My vesicles do not want to fuse, help!
Well, some vesicles simple do not like to fuse so maybe your expectations should be lowered ..... however, there could be a potential artificial barrier toward fusion if you use Martini 2.0 or higher. In order to make the solvation free energy of ions in apolar media more realistic, in version 2.0 the interaction between Q type particles and C1/C2 particles was changed to the 'super-repulsive' category. Here the effective size of the Q particles (or C particles, depending on your perspective) was increased to 0.6 nm, much larger than the standard interaction size of 0.47 nm. This effectively blocked ions from dissolving into apolar solvents such as the bilayer interior. However, it also has the unwanted effect that it hinders lipid tails from protruding toward and through the lipid/water interface. The first barrier to vesicle fusion is the formation of a stalk, which is triggered by the protrusion of lipid tails ...

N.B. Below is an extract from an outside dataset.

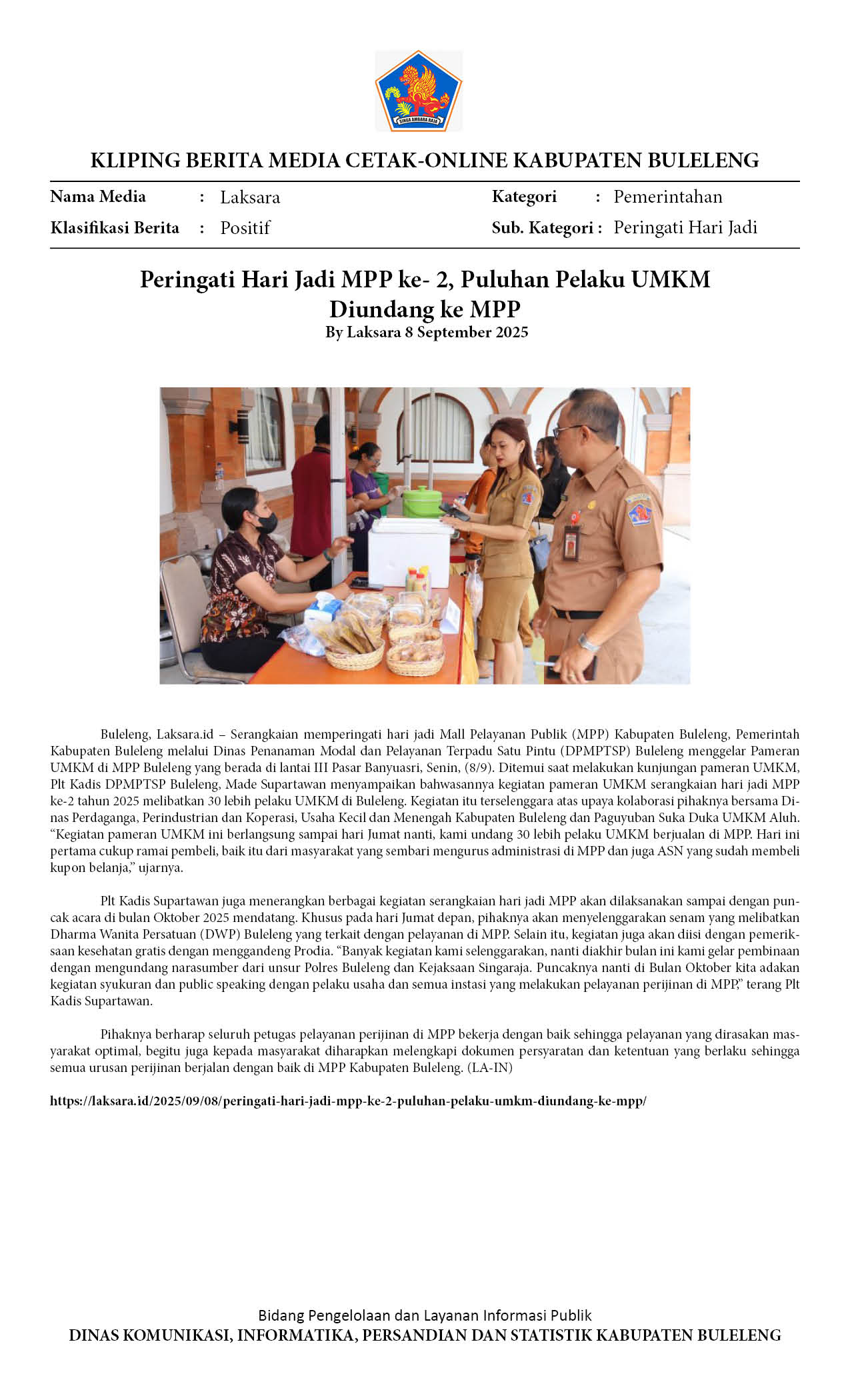 MPP BULELENG GELAR PAMERAN UMKM HINGGA PEMERIKSAAN KESEHATAN GRATIS

In order to remove this artefact, simply change the Q-C1/C2 interactions back to their normal 'repulsive' interaction style, but do realize that this will also affect the ability of ions to pass through membranes. If you want to look at fusion in the presence of ions, you might want to add a different particle type to distinguish the Q site of the lipid headgroup versus the Q sites of the ions ..
See also:
[1] D. Mirjanian, A.N. Dickey, J.H. Hoh, T.B. Woolf, M.J. Stevens. Splaying of Aliphatic Tails Plays a Central Role in Barrier Crossing During Liposome Fusion. J. Phys. Chem. B 2010, 114, 11061–11068, in which this trick was applied.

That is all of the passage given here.